TASK PROMPT —
Please copy the records exactly as they appear, with all pictures left out.

*** LISTED RECORDS ***

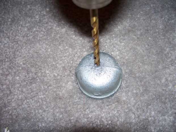 Antes de que el taladro, me gustaría señalar que solía mi pie apoyo mis tubos y la tapa mientras que hice la perforación. Esto no es la manera más eficiente para apoyarlo y es una de las formas menos seguras de hacerlo. Le recomiendo usar un vice, abrazadera o gran par de mordazas de tornillo de banco. Uno podría utilizar una llave de tubo para sujetar la tubería, teniendo en cuenta que está diseñado para sostener rápidamente a tuberías y similares. Sobre todo, ser seguro. Sujete el tubo con algo sólido, por lo que no comenzar a girar alrededor y le decapita a. (Gracias NachoMahma)
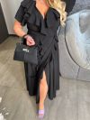 Тканина: софт-шовк. Довжина 143см, одягається на запах. Ідеальна посадка. Спідниця-напівсонце – не повнить. Підкладка спідниці довжиною 47 см. Легке, приємне до тіла. Прикрашення- паси - Тренд цього сезону. Вони роблять сукню повітряною , додають шарм.
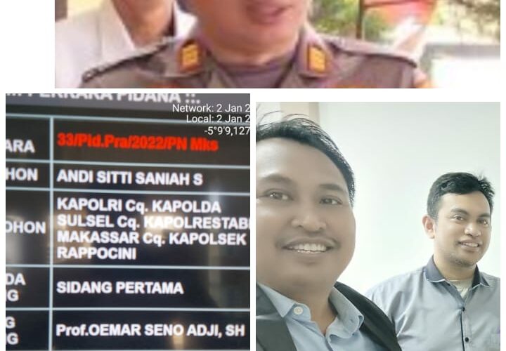 PIRNAS.COM | MAKASAR – Gugatan peraperadilan dengan nomor register perkara 33/Pld.Pra/2022/PN.Mks yang berlangsung pada senin 2 Januari 2023 ,sekitar pukul 11.11.40 wita lalu, Pengacara ibu Siti Muh Shirul Haq.SH,sangat menyesalkan atas prilaku institusi penegak hukum Polsek Rappicini Sulawesi selatan, “Dimana tidak menghadiri pemanggilan di pengadilan negri kota makassar.
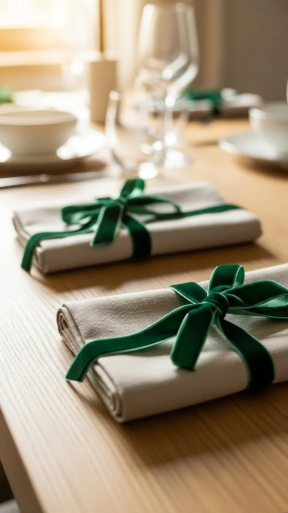 Napkin ties are easy and reusable. Velvet or cotton ribbon works well. Avoid stiff bows. Loose knots feel relaxed. Small details repeated lightly bring cohesion.
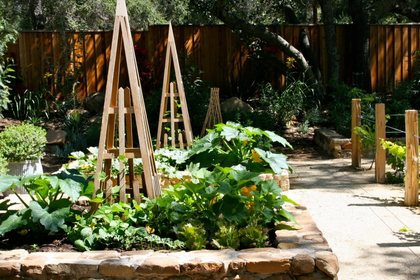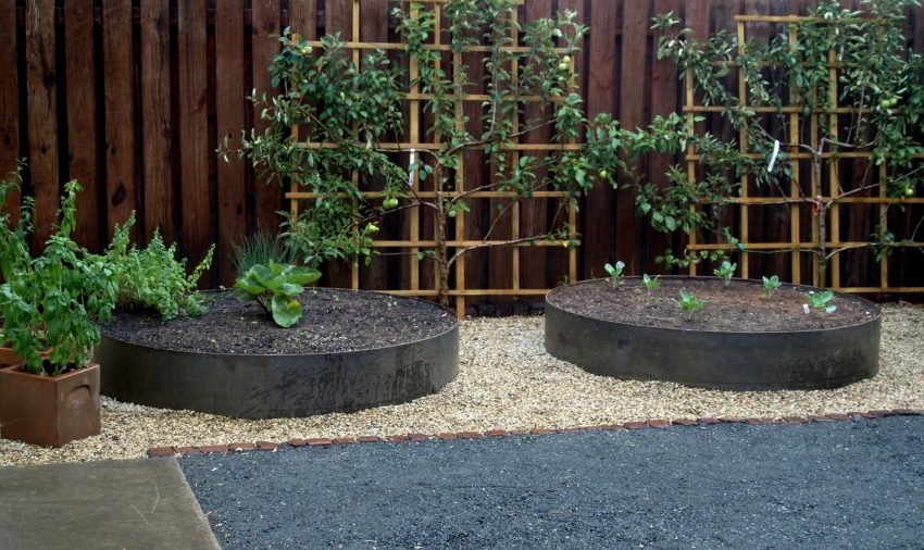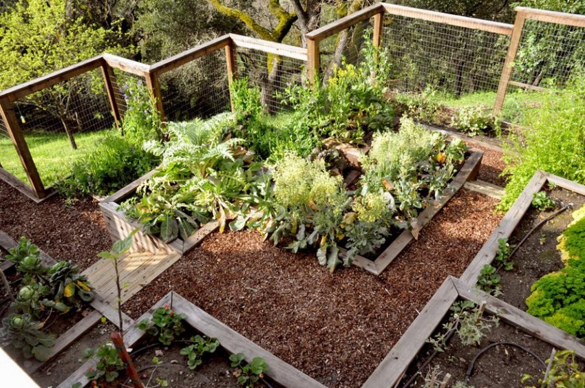 Las cercas vivas se pueden organizar plantando clavijas de árboles de crecimiento rápido, cerezos o sauces en los bordes de las camas.
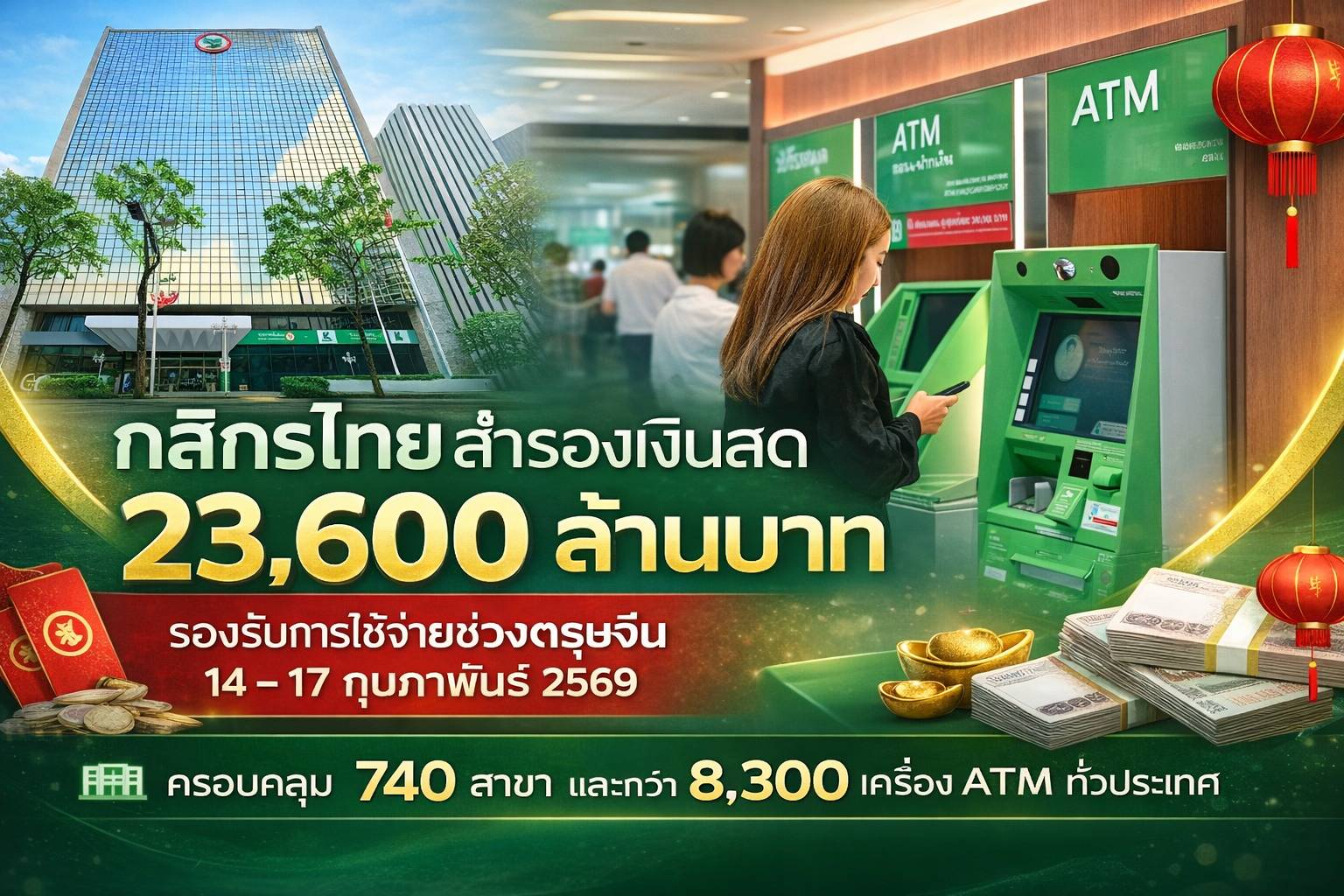 ธนาคารกสิกรไทยเตรียมความพร้อมรองรับการใช้จ่ายของประชาชนในช่วงเทศกาลตรุษจีน ระหว่างวันที่ 14–17 กุมภาพันธ์ 2569 โดยสำรองเงินสดรวมทั้งสิ้น 23,600 ล้านบาท เพื่อให้บริการผ่านสาขาและเครื่องเอทีเอ็มทั่วประเทศอย่างเพียงพอและต่อเนื่อง
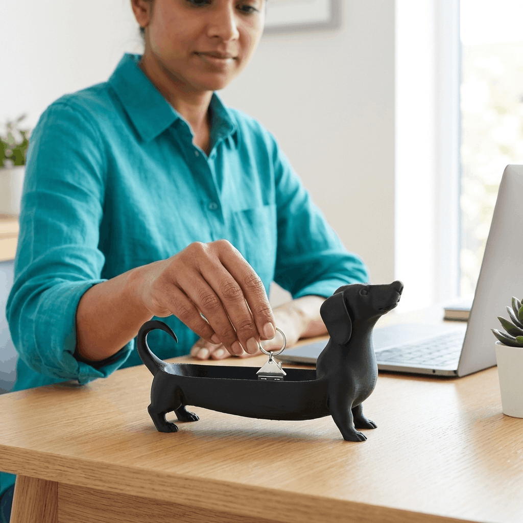 Bring a touch of whimsical sophistication to your space with our 3D-printed Dachshund Organizer. Crafted at 3dprintshop.in using durable, high-quality material, this “sausage dog” tray features a smooth matte finish that complements modern home and office decor.
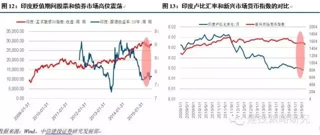 从下面印度的案例可以看到,发展中国家推进改革,主动贬值不会产生危机式资本外流。中印在工业化的位置不同,印度改革打造“制造业工厂”,扩大基础设施建设,而中国则是产业升级和结构转型。发展中国家如果主动推进改革,释放要素活力,虽在美元升值周期,并不一定遭到国际资本的抛弃,依然可以获得增长的弹性。改革发力下的主动贬值是有序的、利好于经济的。
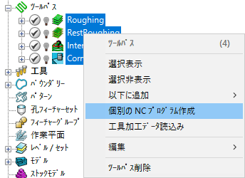 これらのツールパスをポストプロセスする方法については、ツールパスのポストプロセス方法を参照してください。
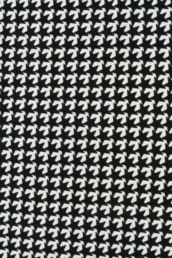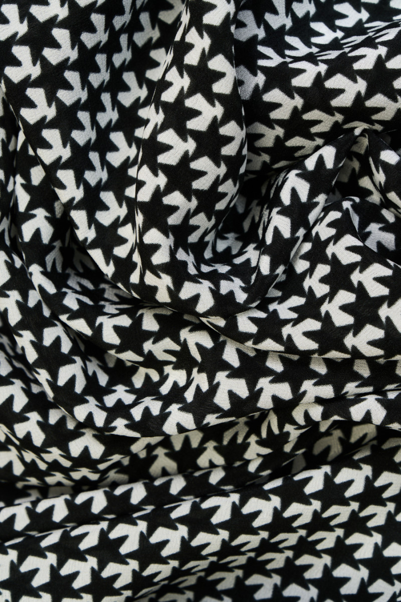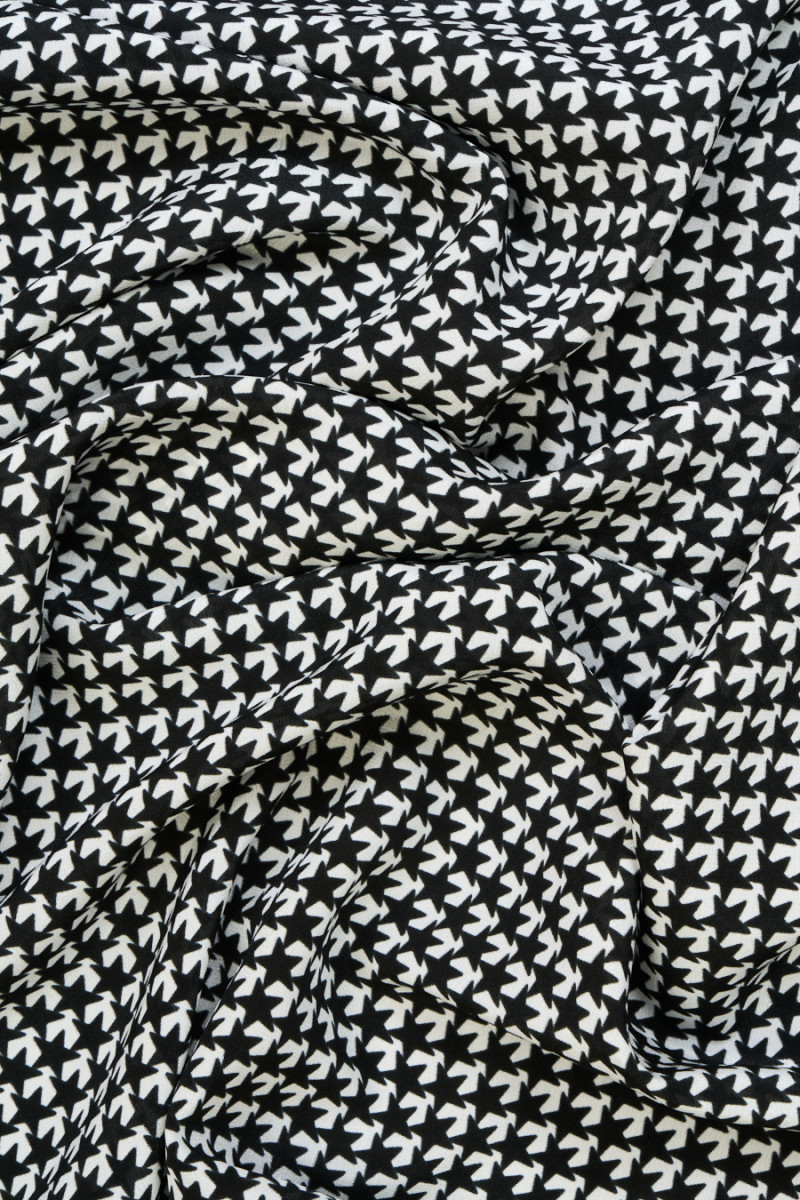 Italiensk 100% silke crepe med et motiv af små sorte stjerner på en hvid baggrund. Regelmæssigt og tæt design, hvor en stjerne er 1,4 cm*1,4 cm. Stoffet er let, tyndt, ikke-elastisk, mat og blødt draperet. Perfekt til bluser, skjorter og luftige kjoler og nederdele.
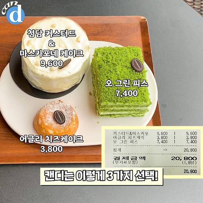 캔디는 디저트 3종만 골라서 뿌셔보기로!
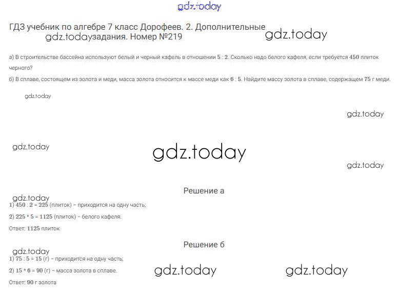 На страницах сайта gdz.today вы найдете учебный и вспомогательный материал, направленный на улучшения знаний школьной программы. ГДЗ - онлайн мир знаний Решение к упражнениям 219 Учебнику по Алгебре для 7 класса Дорофеев, Суворова Просвещение Академический школьный учебник 2020
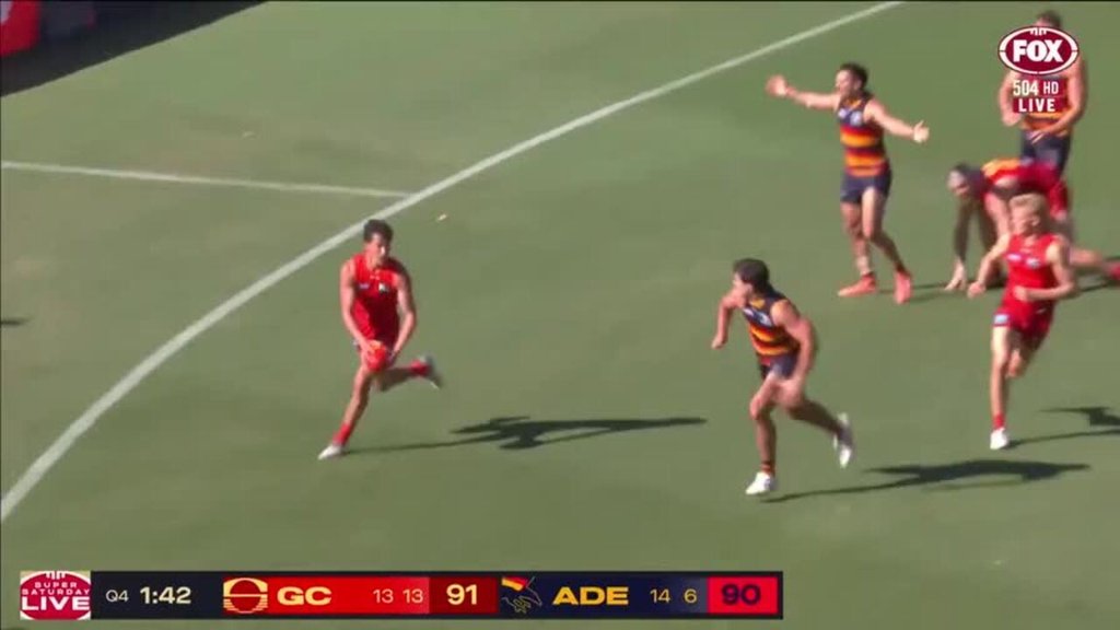 Gold Coast looked to have killed off the Crows when they kicked three goals clear again until John Noble’s unforced error in the centre of the ground led to Walker kicking his 650th AFL goal from the turnover.

*** End of LISTED RECORDS ***

WRITTEN ANSWER —
 Antes de que el taladro, me gustaría señalar que solía mi pie apoyo mis tubos y la tapa mientras que hice la perforación. Esto no es la manera más eficiente para apoyarlo y es una de las formas menos seguras de hacerlo. Le recomiendo usar un vice, abrazadera o gran par de mordazas de tornillo de banco. Uno podría utilizar una llave de tubo para sujetar la tubería, teniendo en cuenta que está diseñado para sostener rápidamente a tuberías y similares. Sobre todo, ser seguro. Sujete el tubo con algo sólido, por lo que no comenzar a girar alrededor y le decapita a. (Gracias NachoMahma)
 Тканина: софт-шовк. Довжина 143см, одягається на запах. Ідеальна посадка. Спідниця-напівсонце – не повнить. Підкладка спідниці довжиною 47 см. Легке, приємне до тіла. Прикрашення- паси - Тренд цього сезону. Вони роблять сукню повітряною , додають шарм.
 PIRNAS.COM | MAKASAR – Gugatan peraperadilan dengan nomor register perkara 33/Pld.Pra/2022/PN.Mks yang berlangsung pada senin 2 Januari 2023 ,sekitar pukul 11.11.40 wita lalu, Pengacara ibu Siti Muh Shirul Haq.SH,sangat menyesalkan atas prilaku institusi penegak hukum Polsek Rappicini Sulawesi selatan, “Dimana tidak menghadiri pemanggilan di pengadilan negri kota makassar.
 Napkin ties are easy and reusable. Velvet or cotton ribbon works well. Avoid stiff bows. Loose knots feel relaxed. Small details repeated lightly bring cohesion.
 Las cercas vivas se pueden organizar plantando clavijas de árboles de crecimiento rápido, cerezos o sauces en los bordes de las camas.
 ธนาคารกสิกรไทยเตรียมความพร้อมรองรับการใช้จ่ายของประชาชนในช่วงเทศกาลตรุษจีน ระหว่างวันที่ 14–17 กุมภาพันธ์ 2569 โดยสำรองเงินสดรวมทั้งสิ้น 23,600 ล้านบาท เพื่อให้บริการผ่านสาขาและเครื่องเอทีเอ็มทั่วประเทศอย่างเพียงพอและต่อเนื่อง
 Bring a touch of whimsical sophistication to your space with our 3D-printed Dachshund Organizer. Crafted at 3dprintshop.in using durable, high-quality material, this “sausage dog” tray features a smooth matte finish that complements modern home and office decor.
 从下面印度的案例可以看到,发展中国家推进改革,主动贬值不会产生危机式资本外流。中印在工业化的位置不同,印度改革打造“制造业工厂”,扩大基础设施建设,而中国则是产业升级和结构转型。发展中国家如果主动推进改革,释放要素活力,虽在美元升值周期,并不一定遭到国际资本的抛弃,依然可以获得增长的弹性。改革发力下的主动贬值是有序的、利好于经济的。
 これらのツールパスをポストプロセスする方法については、ツールパスのポストプロセス方法を参照してください。
 Italiensk 100% silke crepe med et motiv af små sorte stjerner på en hvid baggrund. Regelmæssigt og tæt design, hvor en stjerne er 1,4 cm*1,4 cm. Stoffet er let, tyndt, ikke-elastisk, mat og blødt draperet. Perfekt til bluser, skjorter og luftige kjoler og nederdele.
 캔디는 디저트 3종만 골라서 뿌셔보기로!
 На страницах сайта gdz.today вы найдете учебный и вспомогательный материал, направленный на улучшения знаний школьной программы. ГДЗ - онлайн мир знаний Решение к упражнениям 219 Учебнику по Алгебре для 7 класса Дорофеев, Суворова Просвещение Академический школьный учебник 2020
 Gold Coast looked to have killed off the Crows when they kicked three goals clear again until John Noble’s unforced error in the centre of the ground led to Walker kicking his 650th AFL goal from the turnover.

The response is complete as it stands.